Farming, monoculture, quota, hunter-gatherer, fishing, biomass, intensive farming, factory farming, organic farming, fishery, overfishing.
When farming, we tend to look at the fields and see either crops like wheat being grown, or animals in the field grazing on the grass. But is there more to it than that?
Well, yes.
Let's have a look at the different techniques used for farming.
Intenstive farming: as the name suggests, intensive farming is the process of using a lot of workers and a lot of money to have the highest yield of produce created. It is often seen by using high amounts of pesticides, fertilisers and other production inputs for crops. For animals, it includes the use of medication to provide them with vaccines and growth hormones for regulated growth.
Factory farming: a form of intensive farming, factory farming is using giant farm factories to express farm animals (such as chickens or ducks) for use in foods. The same goes for agriculture, where it is performed to increase the amount of yield per land unit.
Organic farming: a rise in popularity due to the humane ways animals are looked after, and how foods are grown, organic farming is a method of farming that allows for no pesticides or growth hormones to be used. Animals and plants are just left to grow naturally using only natural ingredients.

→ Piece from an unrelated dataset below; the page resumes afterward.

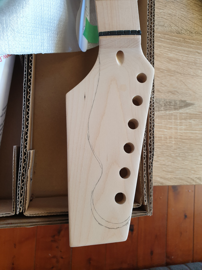 Been a bit busy building a fence so this has just been sitting in the box for a few weeks, but now it's time to make a start. First stop, cutting out the headstock. Wasn't happy with the first draft so drew a second one with a bit of extra real estate. Glad I didn't just jump in there and hack away.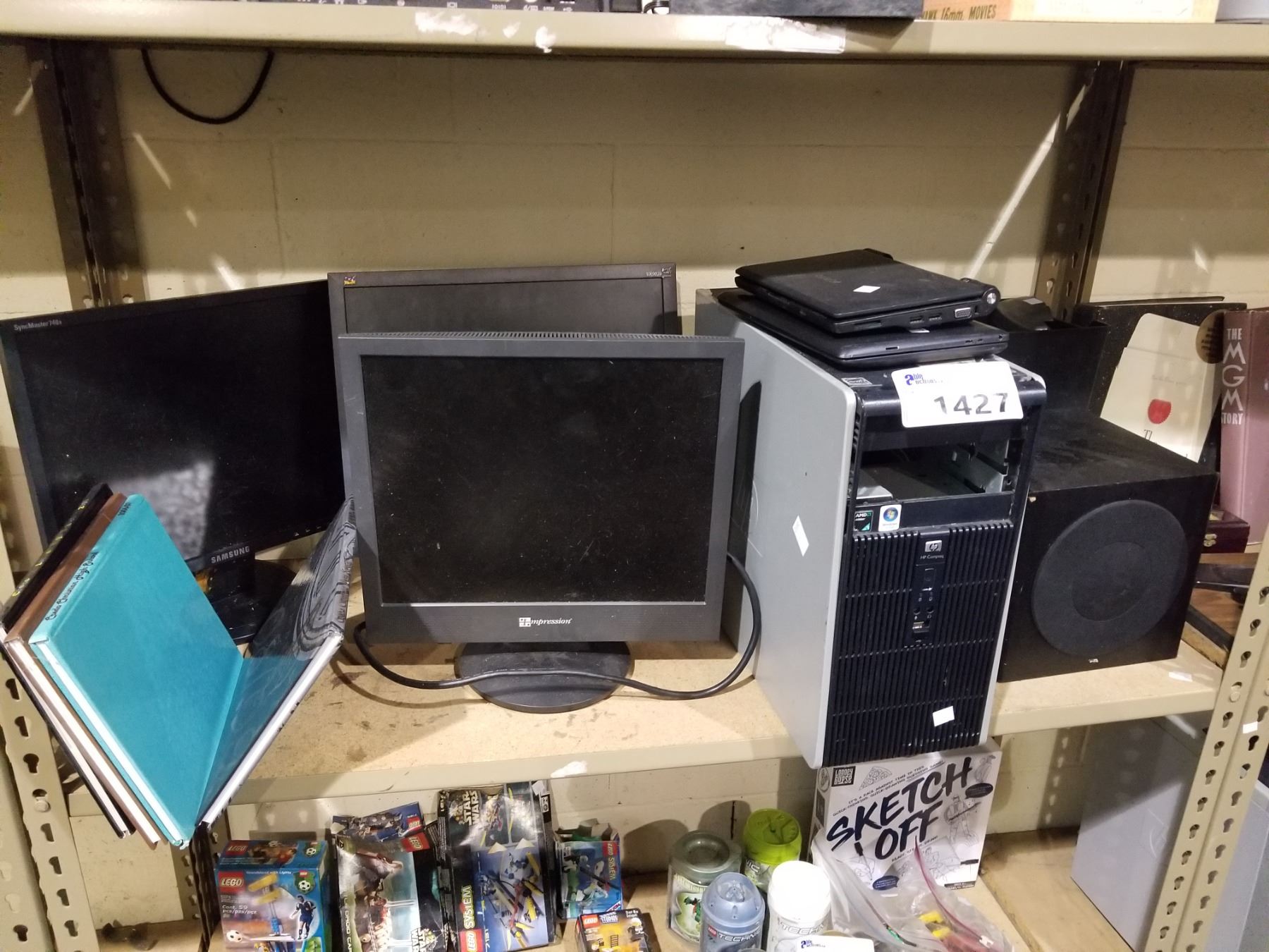 2 SHELVES OF COMPUTERS, ELECTRONICS, MONITORS, SUBWOOFER, ETC

Monoculture farming: a monoculture farm is an area of land that is wholly for growing one kind of crop at one time.
There are advantages and disadvantages to each type of farming above. Some more than others. And they each come with their own style of work.
Sixty percent of food eaten in the UK is grown here, with numbers in millions of staples like potatoes, wheat and barley produced on our own land.
Here's a YouTube video from Fuse on Farming Techniques:
There are issues when it comes to fishing the seas. With such high demands of the need for food, fishing from the seas can be overdone. This means there are quotas in place for fishing that limits the amount of fish taken from points.
The same is said for farming. While we can grow crops each year on the same pieces of land, that land can also become overused. When this happens, it won't grow anything to any extent. So, farmers today always put one or two fields on rotation. This is known as set-aside.